I know that adding a new object to an NHibernate session will cause it to be inserted if it has an identity key. Fabio has the pattern commiting the current transaction at the end of each request, even though we haven't necesarily finished the entire unit of work yet.

If I understand correctly, this means that my objects are going to be inserted into the database and not removed even if I abandon the unit of work. So:

  • Is this pattern incompatible with identity keys?
  • Are there any reasonable work arounds?
  • Is there a better pattern I can use in this case?

Edit #1:

Some additional comments from Fabio are here.

Edit #2:

Exploring further has lead me to the persist(...) method which is similar to save(...) but just different enough to be confusing. This statement taken from the hibernate FAQs is interesting:

The persist() method also guarantees that it will not execute an INSERT statement if it is called outside of transaction boundaries. This is useful in long-running conversations with an extended Session/persistence context.

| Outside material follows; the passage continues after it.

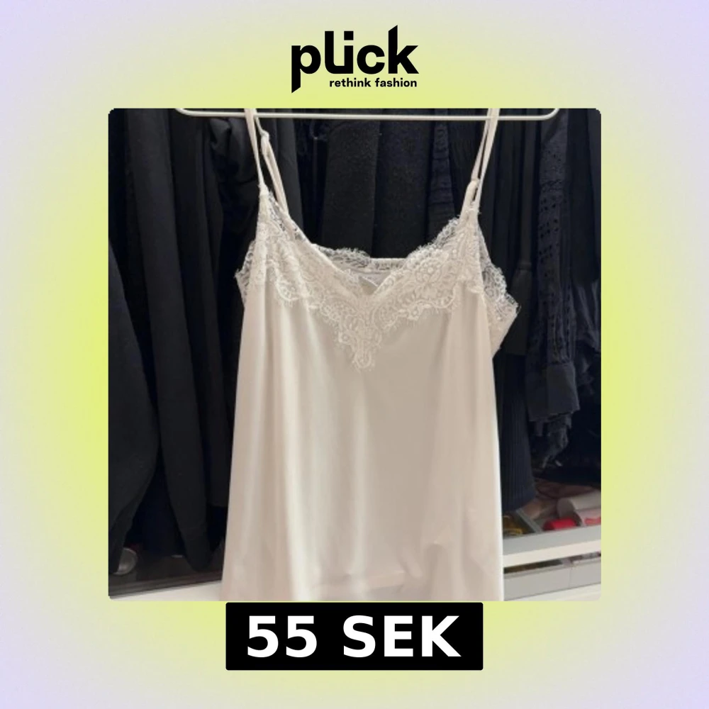 Säljer ett vitt linne med tunna axelband och vacker spetsdetalj längs urringningen. Perfekt att styla under en kavaj eller till jeans för en enkel men snygg look.

Surely if it guaranteed the same inside a transaction boundary it would be more useful? I was under the impression not using transactions was frowned upon anyway.

+1  A: 

One workaround - you can hold off on your ISession.Saves until you're ready to commit your unit of work, perhaps as a collection of transient instances in your unit of work class.

Also, if your entities are referenced by an existing entity (and it makes sense to), you can cascade the inserts - done consistently, this means you should only need to explicitly insert your aggregate root objects. This is the approach I normally use in this situation.